Task to carry out »
Would you please set down, word for word, the lines from the one with "いなばペットフード CIAO おさかな三昧" through the final line of the data below, omitting any pictures?

Dataset content »
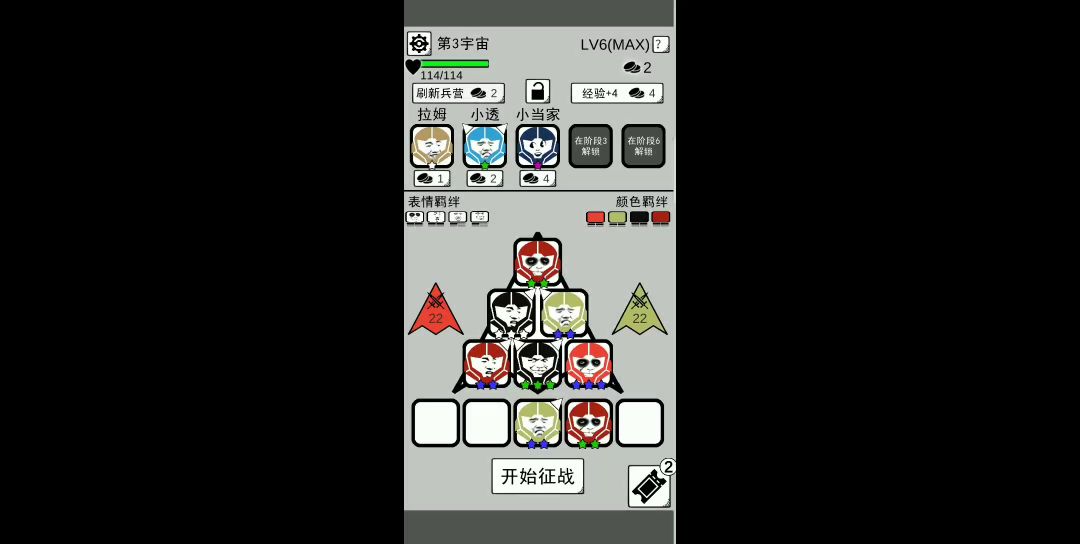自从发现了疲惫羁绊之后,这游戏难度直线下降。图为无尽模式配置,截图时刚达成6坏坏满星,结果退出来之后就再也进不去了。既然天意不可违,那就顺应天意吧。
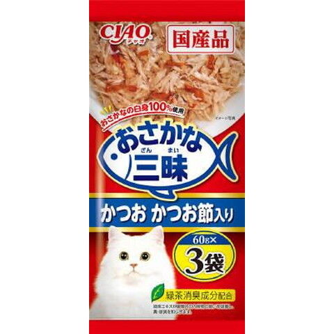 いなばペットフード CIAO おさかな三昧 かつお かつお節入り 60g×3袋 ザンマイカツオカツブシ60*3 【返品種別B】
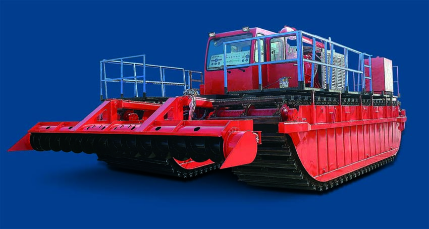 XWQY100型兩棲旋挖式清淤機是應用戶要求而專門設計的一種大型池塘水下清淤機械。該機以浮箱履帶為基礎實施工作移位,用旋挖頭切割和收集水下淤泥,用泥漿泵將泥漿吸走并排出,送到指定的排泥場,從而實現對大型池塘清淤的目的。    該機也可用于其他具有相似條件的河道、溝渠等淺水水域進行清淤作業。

Exercise output »
 いなばペットフード CIAO おさかな三昧 かつお かつお節入り 60g×3袋 ザンマイカツオカツブシ60*3 【返品種別B】
 XWQY100型兩棲旋挖式清淤機是應用戶要求而專門設計的一種大型池塘水下清淤機械。該機以浮箱履帶為基礎實施工作移位,用旋挖頭切割和收集水下淤泥,用泥漿泵將泥漿吸走并排出,送到指定的排泥場,從而實現對大型池塘清淤的目的。    該機也可用于其他具有相似條件的河道、溝渠等淺水水域進行清淤作業。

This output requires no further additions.